2015-03-20 05:58 AM
I know DMA acts as a channel where the CPU gets bypassed while data is transferred between Memory/ Peripheral,and in the mean-time CPU can execute useful operations..
But my question is ...
If the DMA transfer is going-on the DATA-BUS will be acquired by the DMA controller, So if the CPU needs to fetch/retrieve data for any operation it needs the access to data bus where it will be used by the DMA data transfer. So how exactly we can say that DMA offloaded the CPU?
#spi #stm32 #dma #dma #bus-matrix2015-03-20 07:37 AM
DMA can contend with the CPU for bus resources, the bus matrix localizes traffic so that occurs less frequently. The operation is done more rapidly, and uses less resources. It can be done at rates that exceed the CPU's ability to perform the operation.
If the CPU does all the work you're sucking up it's entire bandwidth, both execution and data. With a load-store architecture the CPU has to read every thing into itself, and then write it back out. DMA is effectively point-to-point copies the data, or where the same buses are involved via a temporary holding register.DMA is pointless for single byte transfer lengths, you'll spend more time setting it up than doing actual work. Get to 100+ bytes, the setup time is fractional. With circular modes there's only one setup penalty.2015-03-20 10:34 AM
On the newer STM32s (F2 and later) there are multiple SRAM regions which can operate in parallel, where the CPU avoids a DMA collision by operating out of CCM or SRAM2 at the same time DMA transfers to SRAM1. With some good allocation strategies the DMA becomes an essentially ''free'' operation, no impact on CPU operation.

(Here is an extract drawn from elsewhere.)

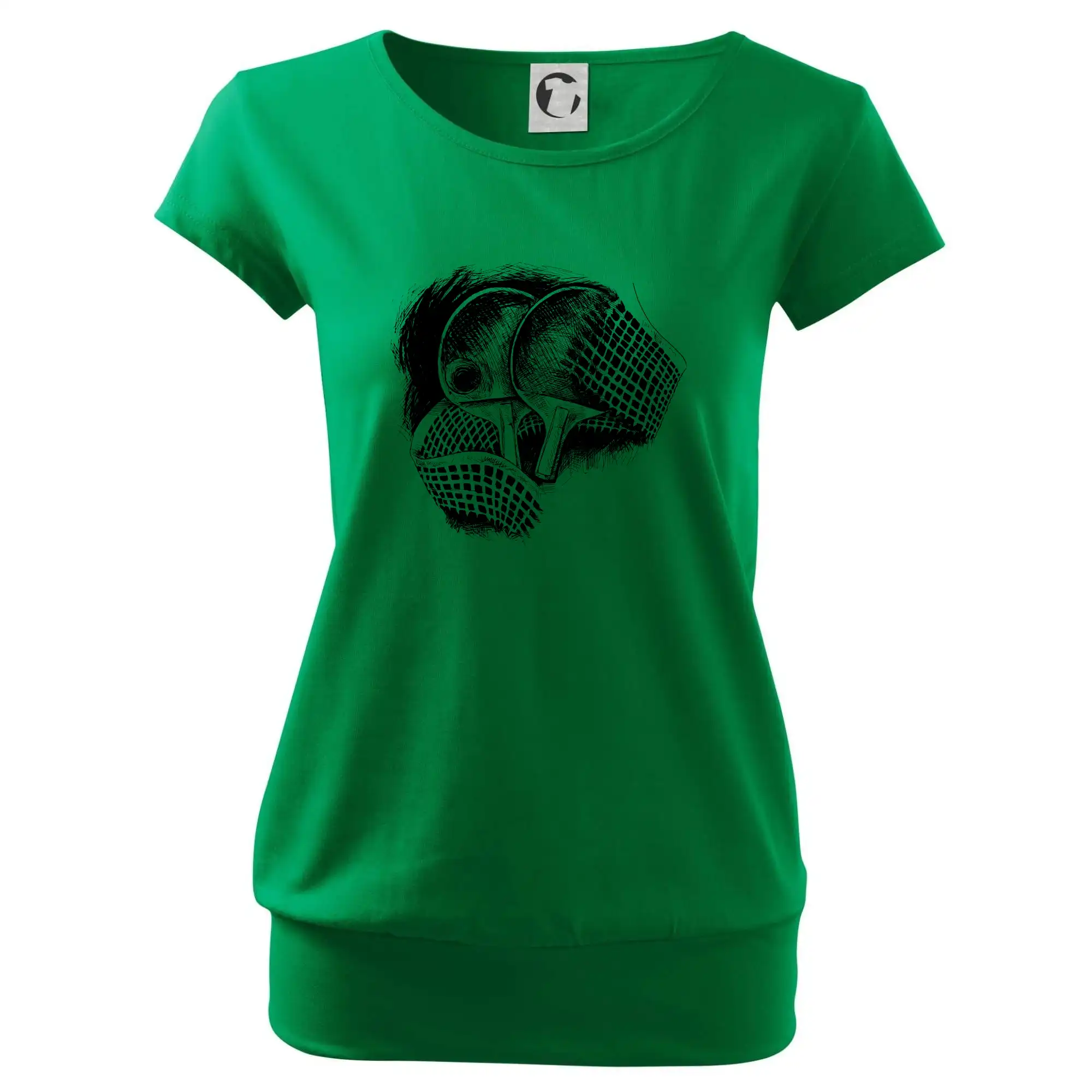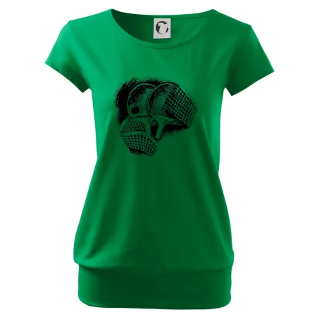 Trendové dámské triko s velmi krátkým rukávem, volnějšího střihu, v dolním kraji všité do širokého lemu. Kulatý průkrčník s úzkým lemem ze shodného materiálu.

Also on later STM32s the DMA can perform packing/unpacking and FIFO burst modes to minimize bus collisions. For example, transferring 16 bytes to a USART the DMA can burst transfer four 32 bit words (assuming it's aligned) from RAM and then unpack 16 bytes to the USART. On the F1 this would require 16 DMA bus accesses, one per byte. One possible collision versus 16 possible collisions. In my experience one of the more significant ways to offload the CPU is using DMA to transfer long strings to a USART. Console output can be time intensive when it's an interrupt per byte, especially at higher speeds. At 115Kbaud the interrupt rate is around 11 thousand per second if streaming data at full speed, and 4x as many if running an RS-485 interface at 460Kbits/sec (that's only about 22usec per byte IRQ service time). DMA offloads that to one (DMA complete) or two (adding a USART transmission complete for last byte shifted out) interrupts. Anytime you can reduce interrupts by 5 orders of magnitude it will make a difference. Jack Peacock2015-03-25 06:09 AM
I've read in some blogs that , in burst mode a block of data is transffered which makes the cpu inactive,
But as per your comment, the CPU can still work with the data in the second SRAM region (CC SRAM) , Am I right?2015-03-25 07:19 AM
Yes that's one of STs big selling points, the bus matrix. I can run code from flash, heap and stack in CCM, ADC DMA conversions to SRAM1 and USART DMA transfers from SRAM2, all in parallel. CPU and DMA don't collide since they are on separate buses (course I/O does collide if on same APB or AHB bus but that's minor).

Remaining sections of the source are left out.